Deep-learning-based tongue segmentation methods

Deep-learning-based tongue image segmentation models are mainly divided into two categories, one is U-Net[83,84] and Seg-Net[85,86] evolved from the fully convolutional network (FCN), and the other is Mask R-CNN improved from CNN, which are widely used in various types of medical image segmentation. FCN, the pioneer of semantic segmentation, achieves pixel-level classification of images. The FCN model can accept image input of any size and upsample the feature map of the last convolutional layer using the deconvolution layer to recover it to the same size as the input image. The spatial information in the original input image is preserved, and then the upsampled image is classified pixel by pixel, and the softmax classification loss is calculated pixel by pixel, that is, each pixel corresponds to one training sample. So the features of FCN include full convolution, upsampling and skip-level structure (see Figure 4).

Figure 4.

Fully convolutional network (FCN) model diagram.

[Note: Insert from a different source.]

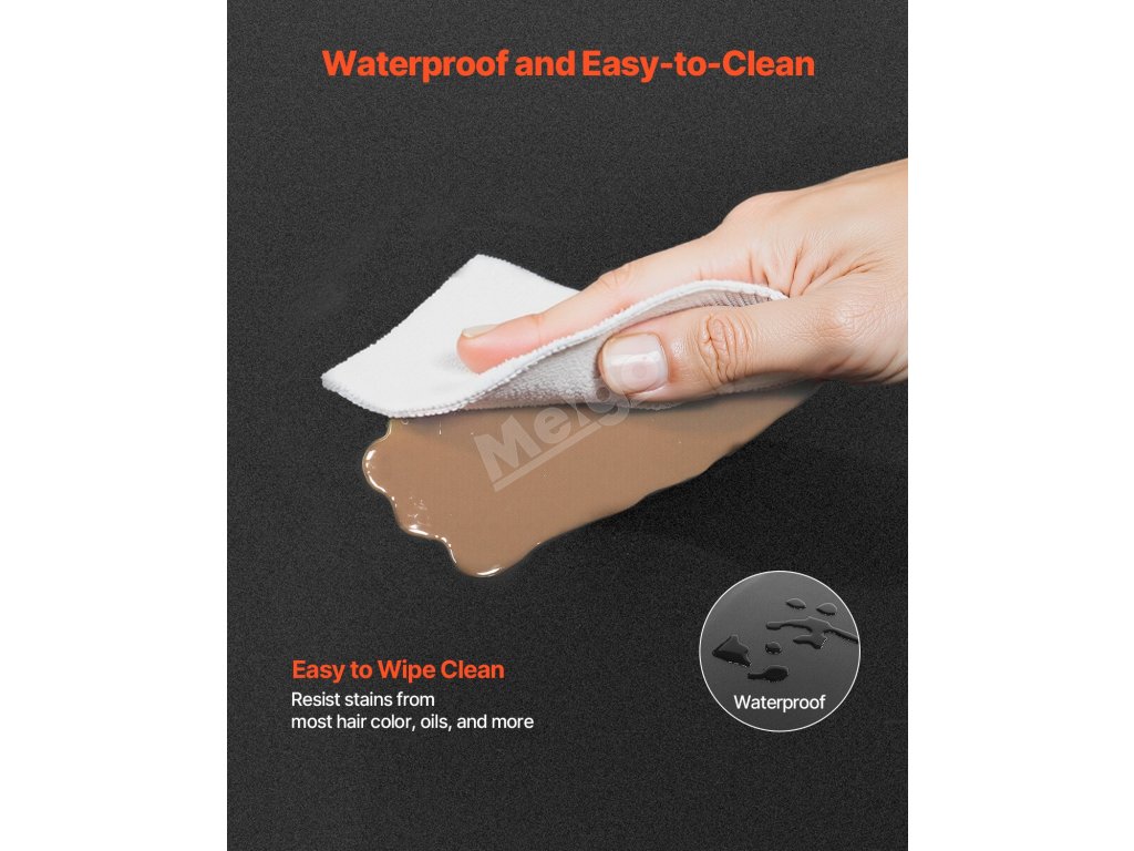 Povrch podložky je vyroben z PVC materiálu, je voděodolný a snadno se čistí. Je odolná vůči skvrnám od barvy na vlasy a oleje a lze ji snadno otřít. Díky zkoseným okrajům zabraňujícím uklouznutí, protiskluzovému dnu a odolnosti proti propíchnutí a pomačkání zaručuje bezpečnost a trvanlivost.

Fully convolutional network (FCN) model diagram. The U-Net model, an image processing method based on the FCN architecture, is one of the three most classical F-CNNs (fully CNNs) models. It can handle a wide range of medical image segmentation tasks independent of different organs and imaging modalities. Li et al. developed a U-Net model for accurate retinal vascular segmentation, which improved the existing image segmentation methods. Since organ image segmentation[90,91] is error-prone due to the inhomogeneous and irregular shape of organs, Li et al. designed an attention-based nested segmentation network, ANU-Net. They introduced an attention mechanism between nested convolutional blocks, allowing features extracted at different levels to be selected with task-relevant fusion. The model is also designed with a hybrid loss function to make full use of the resolution feature information. ANU-Net is experimentally shown to be competitive among various medical image segmentation methods. Due to the increased demand for various medical image segmentation, the U-Net model plays an important role because of its excellent segmentation accuracy and robustness, and the use of the U-Net model for tongue segmentation is a future trend for tongue objectification (see Figures 5 and 6).

Figure 5.

U-Net algorithm composition.

Figure 6.

U-Net algorithm diagram.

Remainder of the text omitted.